Когда в мае 41-го иссякла капельная череда его научных публикаций, на письменном столе в Карлсберге начала расти рукопись без формул. Как и прежде, он вышагивал текст. Писал Стефац Розенталь. Бор диктовал статью о Дании и о мире, превратившись из физика-теоретика в историка-публициста. Он исполнял обещанное — написать введение к 8-томному труду «Датская культура на рубеже 1940 года». Иначе — на рубеже оккупации. Само это величественное издание являло собою акт Сопротивления: искусство и наука Дании вопреки презрению нацистов к чужим национальным культурам демонстрировали свою самобытность и волю к жизни.

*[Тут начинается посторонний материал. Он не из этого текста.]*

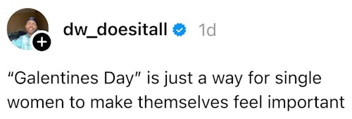 In a Thread post with now over 1.2k replies, one guy said, “Galentines Day” is just a way for single women to make themselves feel important.”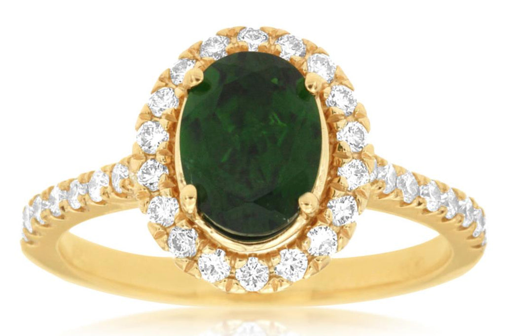 1.80CT DIAMOND & AAA GREEN GARNET 14KT YELLOW GOLD OVAL & ROUND ENGAGEMENT RING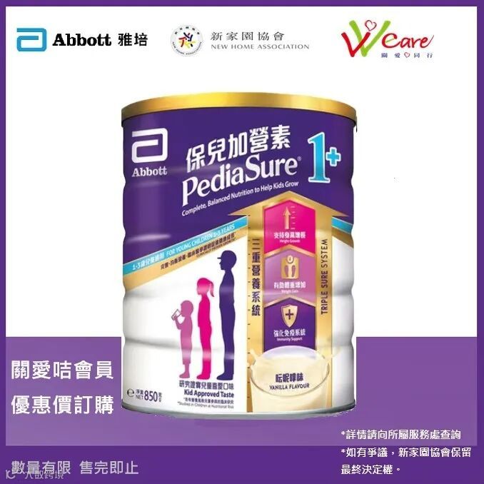 Abbott Pediasure雅培保兒加營素1+ (雲呢拿味)兒童成長奶粉 850克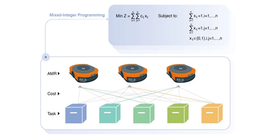 货架搬运任务分配AGV时不仅考虑全局的搬运距离,还考虑仓库区域、工作站、任务类型等要素的负载均衡;此外,通过感知作业中的AGV状态,进行动态任务分配及调整,减少AGV绕路和空闲间隔,提升整体作业效率。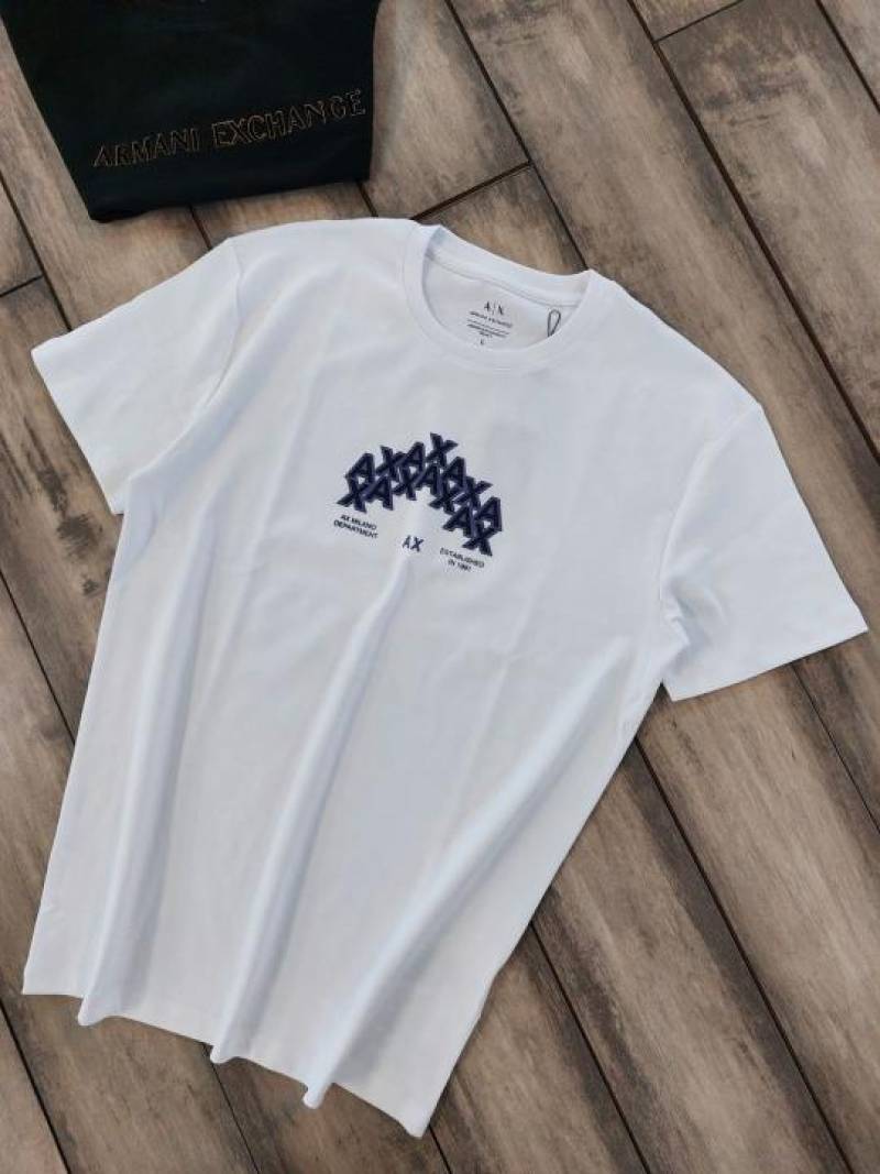 Arman i Exchange White Premium Imported 240 GSM Interlock Fabric Round Neck Printed Logo Tshirt 3019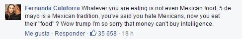 “Demasiado mal, un taco bowl no es mexicano, la Trump Tower Grill tampoco lo es, no estás comiendo taco bowls de Nueva York porque estás en Virginia Occidental hoy, Cinco de mayo no es una celebración hispana es una mexicana, y eres del mismo color que la tostada que cubre al taco bowl.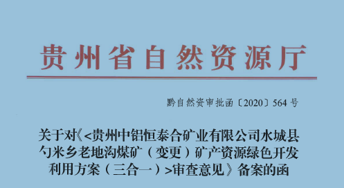 水城縣勺米鄉老地溝煤礦(變更) 礦產資源綠色開發利用方案 (三合一)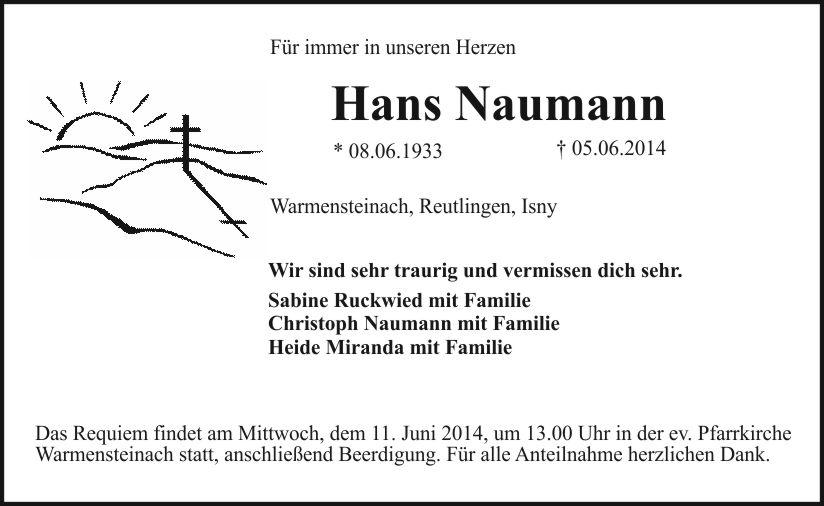 Das Requiem findet am Mittwoch, dem 11. Juni 2014, um 13.00 Uhr in der ev. Pfarrkirche Warmensteinach statt, anschließend Beerdigung. Für alle Anteilnahme herzlichen Dank.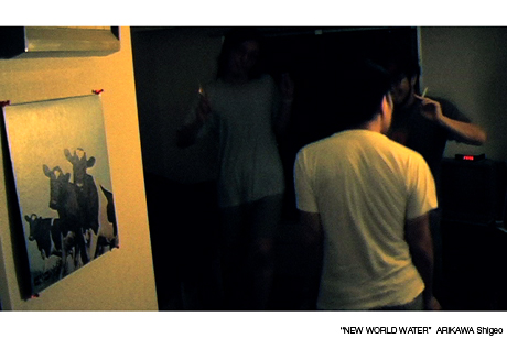カメラの前においては、純粋たるドキュメンタリーも、純粋たるフィクションも、ありえないということはもはや疑いようもありません。となると、わたしにとって"NEW WORLD WATER"で興味深いのは二つのシーンです。一つは、家族が食卓を囲んでいる一連のシーンで、もう一つは、薄暗い部屋の中を三人の男たちが踊っているシーンです。これらは、とてもフィクショナルなものに見えますが、パンをかじる姿を撮影しているカメラがあったことを、わたし以外の家族は知りませんでしたし、ひどく酔っぱらった三人の男たちは、カメラが置いてあることを忘れ、飛び跳ねている最中に三脚を倒してしまったのです。わたしたちの無意識の連続した動作のなかに、突如現れる意識的な"振る舞い"こそ、(しかし、この"振る舞い"は常に無意識の動作に回収されるのです。)"演技"の始まりであり、カメラの再現性はそれを誇張して提示します。
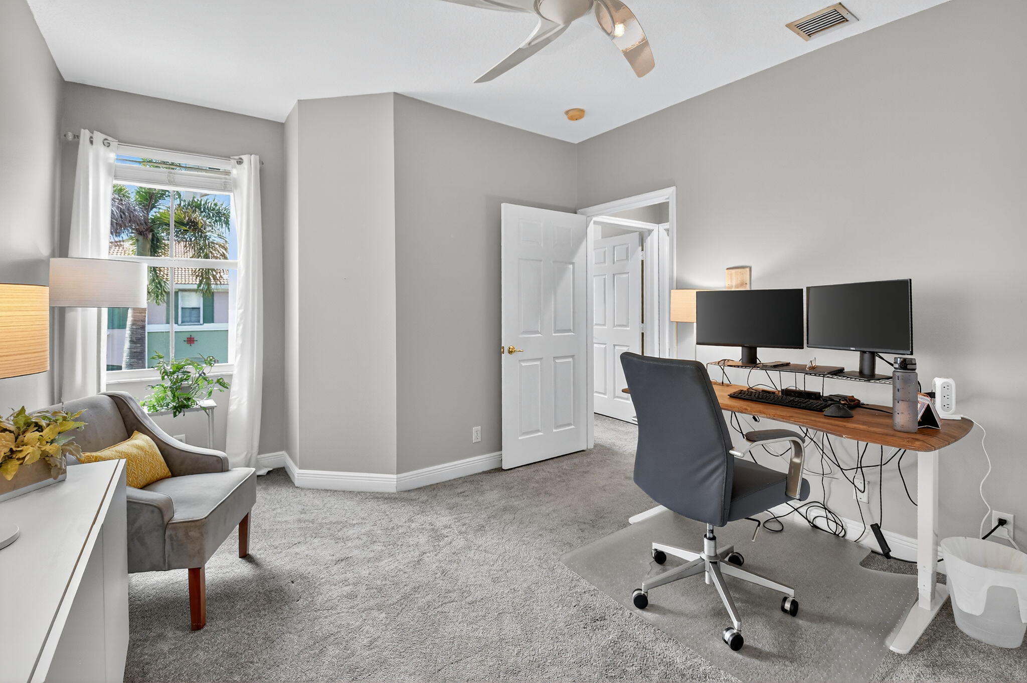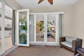 This dreamy, zen-like home offers an unparalled lifestyle, located just steps from the picturesque Intracoastal Waterway with PRIVATE BEACH access & resort style pool! Outstanding features include gleaming white lacquered kitchen cabinets with custom refrigerator panel that blends seamlessly, french doors,a screened lanai to enjoy coastal breezes, plus NEW ROOF & impact glass to provide security in a storm. Relax in the cozy den or use as an office. Enjoy your morning coffee on the private, lush fenced patio. The breathtaking Primary bedroom boasts a soaring ceiling, sitting area, closet the size of a small bedroom, & a bathroom with ''his and hers'' vanities, deep whirlpool tub & separate shower. All this is conveniently located near the shops, restaurants & cultural activities of Delray Beach, West Palm Beach, the International airport & beautiful white sandy beaches! Low HOA, pet-friendly, too. Grab your fishing pole or kayak & experience beautiful Las Brisas! This special home is not to be missed!

Однажды, остановившись посреди кабинета, он сказал:
— Мы процитируем Андерсена: «Я в Дании рожден, и здесь мой дом…» (Розенталю запомнилась его взволнованность.) И дальше — «отсюда начинается мой мир»…
Все было как бывало всегда: варьирование деталей, маленькие озарения и споры. Кто бы из друзей ни заглядывал в дом — художник ли Вильям Шарф, хирург ли Оле Кивиц, — Бор вовлекал их в дискуссии. Даже в то гнетущее время он не умел работать иначе. (Может быть, есть такой закон — сохранения цельности натуры и ее обыкновений?)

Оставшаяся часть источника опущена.